What is expected
Pictures stay out. Everything else in the listing below gets written out exactly.

Top of Data shown

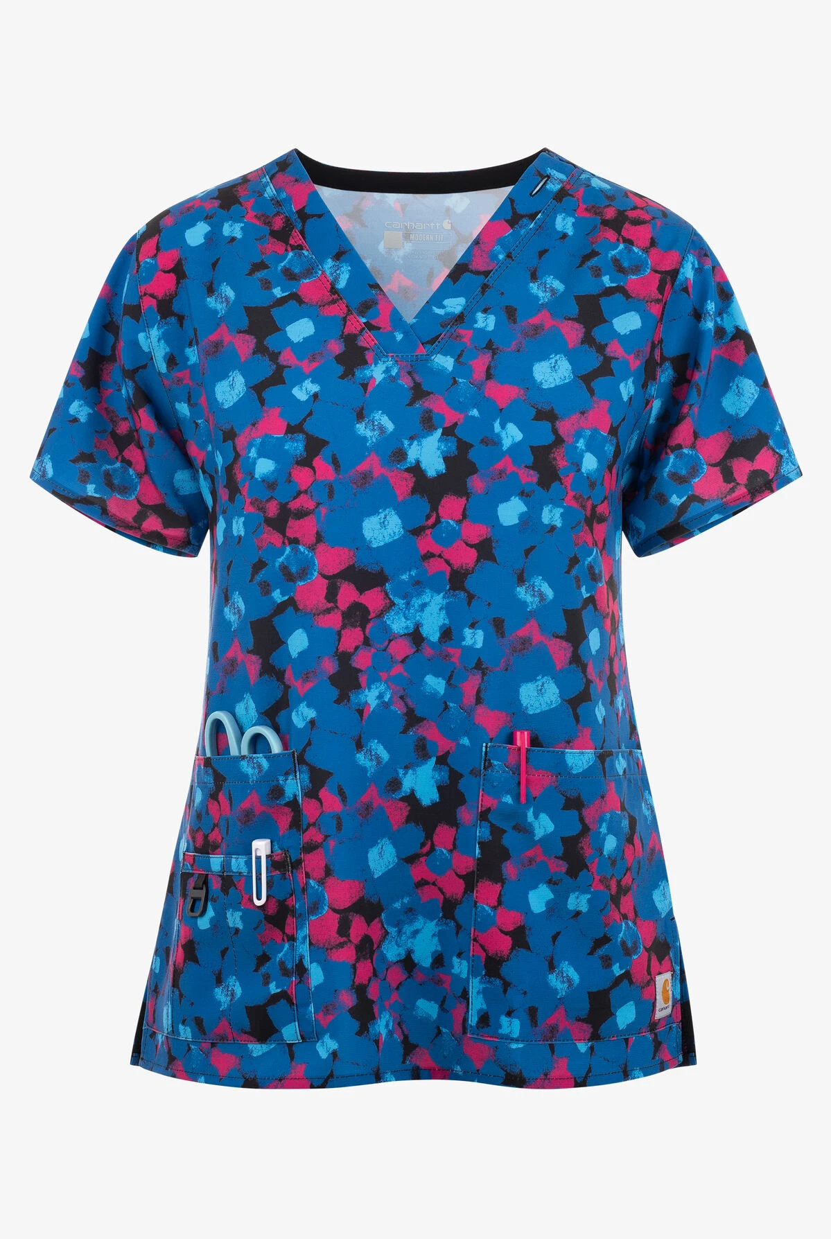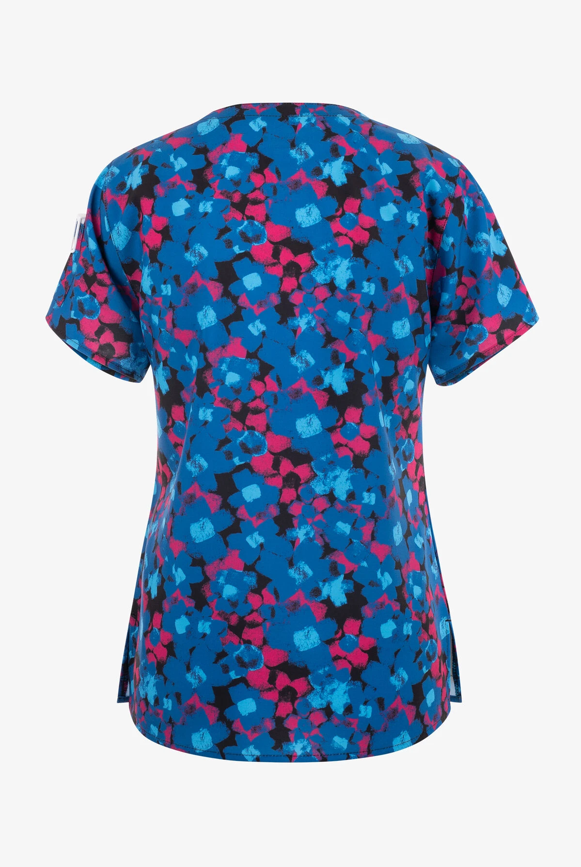 - Geometric floral in duo tone blue with splashes of Fuchsia on black background
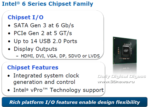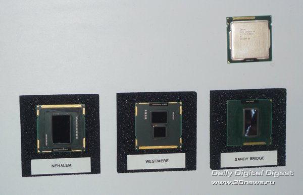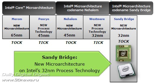 Несколько лет назад, во времена господства бренда Pentium, первого появления торговой марки Intel Core и одноимённой микроархитектуры (Architecture 101), на слайдах о будущих процессорах впервые было упомянуто следующее поколение микроархитектуры Intel с рабочим названием Gesher ("мост" на иврите), что чуть позже трансформировалось в Sandy Bridge.  В ту давнюю пору господства процессоров NetBurst, когда только-только начали проступать контуры грядущих ядер Nehalem, а мы знакомились с особенностями внутреннего строения первых представителей микроархитектуры Core - Conroe для настольных систем, Merom - для мобильных и Woodcrest - для серверных… Словом, когда трава была зелёная, а до Sandy Bridge было ещё как до Луны, уже тогда представители Intel говорили, что это будет совершенно новая процессорная микроархитектура. Именно так, cкажем, сегодня можно представить таинственную микроархитектуру Haswell, которая появится после поколения Ivy Bridge, которое, в свою очередь, придёт на смену Sandy Bridge в следующем году.  Однако чем ближе дата выпуска новой микроархитектуры, чем больше мы узнаём об её особенностях, тем больше становятся заметны сходства соседних поколений, и тем более очевиден эволюционный путь изменений в схемотехнике процессоров. И действительно, если между начальными реинкарнациями первой архитектуры Core - Merom/Conroe, и первенцем второго поколения Core – Sandy Bridge - на самом деле пролегает пропасть различий, то нынешняя последняя версия поколения Core - ядро Westmere - и грядущая, рассматриваемая сегодня первая версия поколения Core II - ядро Sandy Bridge, могут показаться схожими. И всё же различия существенны. Настолько существенны, что теперь окончательно можно говорить о конце 15-летней эпохи микроархитектуры P6 (Pentium Pro) и о появлении нового поколения микроархитектуры Intel. ⇡#Микроархитектура Sandy Bridge: с высоты птичьего полётаЧип Sandy Bridge – это четырёхъядерный 64-битный процессор с изменяемой (out-of-order) последовательностью исполнения команд, поддержкой двух потоков данных на ядро (HT), исполнением четырёх команд за такт; с интегрированным графическим ядром и интегрированным контроллером памяти DDR3; с новой кольцевой шиной, поддержкой 3- и 4-операндных (128/256-битных) векторных команд расширенного набора AVX (Advanced Vector Extensions); производство которого налажено на линиях с соблюдением норм современного 32-нм технологического процесса Intel.  Так, вкратце, одним предложением можно попробовать охарактеризовать новое поколение процессоров Intel Core II для мобильных и настольных систем, массовые поставки которых начнутся в самое ближайшее время.   Процессоры Intel Core II на базе микроархитектуры Sandy Bridge будут поставляться в новом 1155-контактном конструктиве LGA1155 под новые системные платы на чипсетах Intel 6 Series.
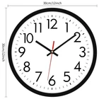 Easy to Read - 12”Large black numerals and red second hand with a non-reflective white clock face that enables you to read it from a distance across the room. The glass lens makes it easy to clean and keeps dust out of the dial Keeps accurate time - The battery operated wall clock tells you the time all day long and is suitable for daily use Silent wall clock - No ticking and buzzing sound, can ensure you work and sleep quietly Simple design - The plastic case of the wall clock is high quality and very sturdy, durable enough for gyms, living rooms, offices, offices, schools Easy to install by oneself - Come with a hook, wide slot in back for easy hanging. Battery powered, requires AA carbon battery (not included). (Alkaline battery or rechargeable battery which may have influence on the life span of clock movement, as well as the accuracy of the time).

Bottom of Data shown

Response for this exercise
 - Geometric floral in duo tone blue with splashes of Fuchsia on black background
 Несколько лет назад, во времена господства бренда Pentium, первого появления торговой марки Intel Core и одноимённой микроархитектуры (Architecture 101), на слайдах о будущих процессорах впервые было упомянуто следующее поколение микроархитектуры Intel с рабочим названием Gesher ("мост" на иврите), что чуть позже трансформировалось в Sandy Bridge.  В ту давнюю пору господства процессоров NetBurst, когда только-только начали проступать контуры грядущих ядер Nehalem, а мы знакомились с особенностями внутреннего строения первых представителей микроархитектуры Core - Conroe для настольных систем, Merom - для мобильных и Woodcrest - для серверных… Словом, когда трава была зелёная, а до Sandy Bridge было ещё как до Луны, уже тогда представители Intel говорили, что это будет совершенно новая процессорная микроархитектура. Именно так, cкажем, сегодня можно представить таинственную микроархитектуру Haswell, которая появится после поколения Ivy Bridge, которое, в свою очередь, придёт на смену Sandy Bridge в следующем году.  Однако чем ближе дата выпуска новой микроархитектуры, чем больше мы узнаём об её особенностях, тем больше становятся заметны сходства соседних поколений, и тем более очевиден эволюционный путь изменений в схемотехнике процессоров. И действительно, если между начальными реинкарнациями первой архитектуры Core - Merom/Conroe, и первенцем второго поколения Core – Sandy Bridge - на самом деле пролегает пропасть различий, то нынешняя последняя версия поколения Core - ядро Westmere - и грядущая, рассматриваемая сегодня первая версия поколения Core II - ядро Sandy Bridge, могут показаться схожими. И всё же различия существенны. Настолько существенны, что теперь окончательно можно говорить о конце 15-летней эпохи микроархитектуры P6 (Pentium Pro) и о появлении нового поколения микроархитектуры Intel. ⇡#Микроархитектура Sandy Bridge: с высоты птичьего полётаЧип Sandy Bridge – это четырёхъядерный 64-битный процессор с изменяемой (out-of-order) последовательностью исполнения команд, поддержкой двух потоков данных на ядро (HT), исполнением четырёх команд за такт; с интегрированным графическим ядром и интегрированным контроллером памяти DDR3; с новой кольцевой шиной, поддержкой 3- и 4-операндных (128/256-битных) векторных команд расширенного набора AVX (Advanced Vector Extensions); производство которого налажено на линиях с соблюдением норм современного 32-нм технологического процесса Intel.  Так, вкратце, одним предложением можно попробовать охарактеризовать новое поколение процессоров Intel Core II для мобильных и настольных систем, массовые поставки которых начнутся в самое ближайшее время.   Процессоры Intel Core II на базе микроархитектуры Sandy Bridge будут поставляться в новом 1155-контактном конструктиве LGA1155 под новые системные платы на чипсетах Intel 6 Series.
 Easy to Read - 12”Large black numerals and red second hand with a non-reflective white clock face that enables you to read it from a distance across the room. The glass lens makes it easy to clean and keeps dust out of the dial Keeps accurate time - The battery operated wall clock tells you the time all day long and is suitable for daily use Silent wall clock - No ticking and buzzing sound, can ensure you work and sleep quietly Simple design - The plastic case of the wall clock is high quality and very sturdy, durable enough for gyms, living rooms, offices, offices, schools Easy to install by oneself - Come with a hook, wide slot in back for easy hanging. Battery powered, requires AA carbon battery (not included). (Alkaline battery or rechargeable battery which may have influence on the life span of clock movement, as well as the accuracy of the time).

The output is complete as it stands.